By the standards of the C64, this system is insanely inefficient. The unix command line tool "nm" can be used to list a shared object's symbol table. I used it to checkout LibXML2.2 on macOS. This one solitary library is 2.2 megabytes of code. Its symbol table holds 3071 entries, and the string labels alone total to more than 65 kilobytes of data. While these sorts of extravagances are acceptable on a computer with memory measured in the range of hundreds of megabytes to tens of gigabytes, it is not acceptable on a computer with a total addressable memory of just 64K. That is why I am reinventing this wheel. It's also been fun to solve old problems in news ways.

I discussed in last month's post, File-Based Clipboard, how C64 OS implements the equivalent of mimetypes. Mimetypes are typically human readable strings of text. It's very inefficient to deal with these on the C64, because memory is unbelievably precious. Instead there is a datatypes header file, included with the OS, against which applications can be assembled, that lists labels to single byte integers. One byte for type, provides for up to 256 possible base datatypes. Each of these can then have one byte for subtype. For a possible maximum of (256*256 = 65,536) datatypes. Far more than C64 OS applications will in practice ever support. Using text strings is simply overkill. Similarly, the toolkit provides a set of classes. Along with the header file for each class is a file called classes.h that enumerates the classes themselves. Each class, regardless of how they are hierarchically related to each other, is assigned a unique single byte identifier.

This puts a hard limit on the number of classes providable by toolkit at 256. This limit will never be reached. For one, because we'd run out of memory way before reaching that limit. And for two, even in 2012, the iPhone's UIKit (not including foundation classes), the iPhone's version of C64 OS's toolkit, had just 80 classes. Toolkit will begin its life with approximately 14 classes, maybe fewer.

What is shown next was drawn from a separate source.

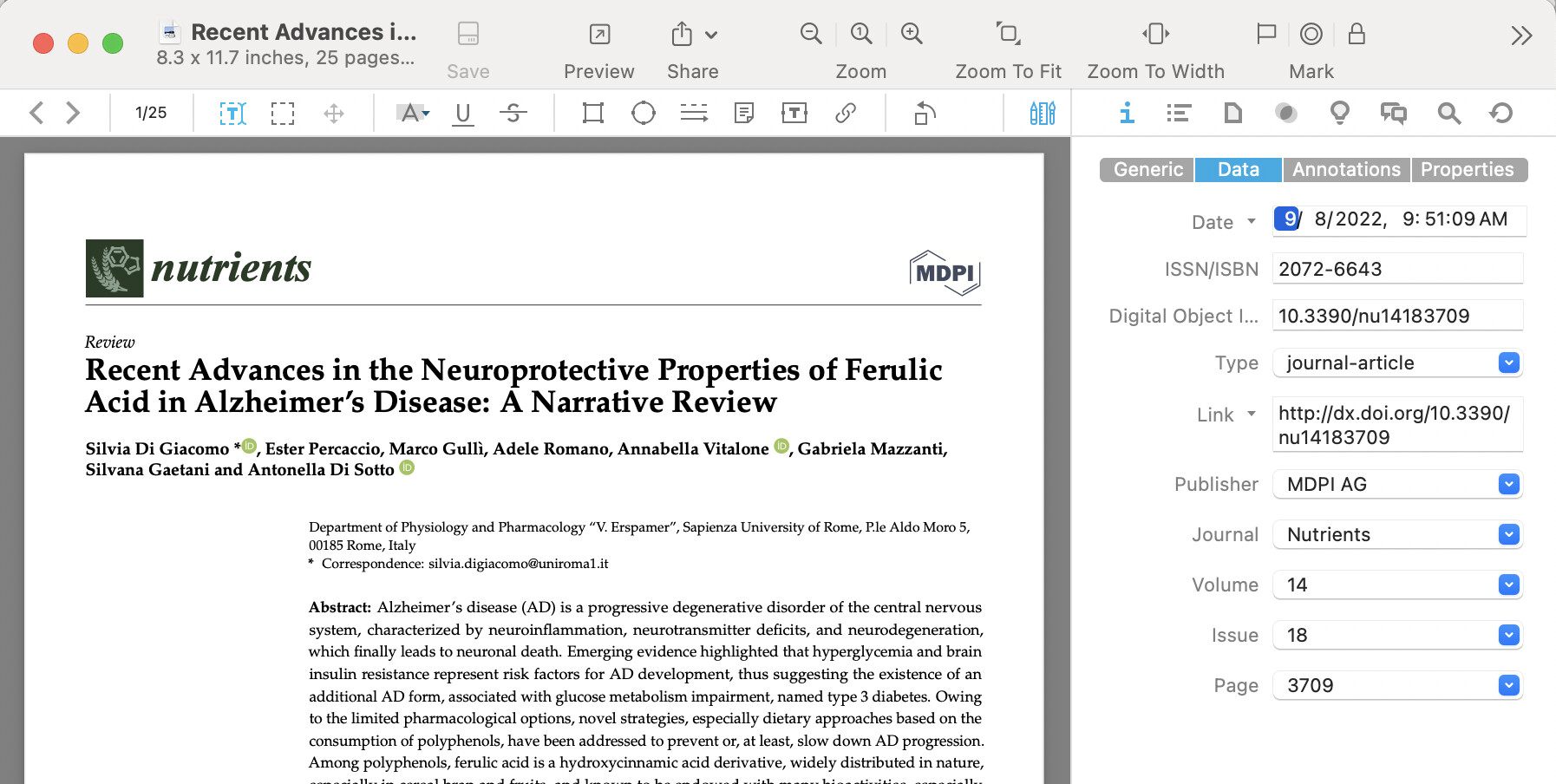 When run on a PDF with a DOI, it yields results like this…

My original goal was for it to consist of just 6 classes. But, that was a bit sparse. I'm planning a future post to discuss the toolkit class hierarchy itself, so I won't be going into any detail on that in this post.

To instantiate a class, that is, to create a new object, you call classptr from the Toolkit module. This routine is accessed, dynamically, like any other C64 OS module routine. You pass in a class ID, which your code can do by label. Classptr is assembled with the toolkit module along side the rest of the OS modules, at the same time as the toolkit classes, and therefore knows the addresses of all the built-in classes. It returns a RegPtr (X/Y lo/hi byte) to the start of the class.

Next, you call tknew from the toolkit module, and pass it a pointer to the class. This allows you to call classptr, and then immediately follow up with a call to tknew. But it also allows you to call tknew on its own, and pass in a pointer to a custom class provided by your application. If your application implements a custom class, the custom class's super class pointer has to be pointed at whatever class from toolkit it inherits from. This can be done in the app's init routine by making up front calls to classptr.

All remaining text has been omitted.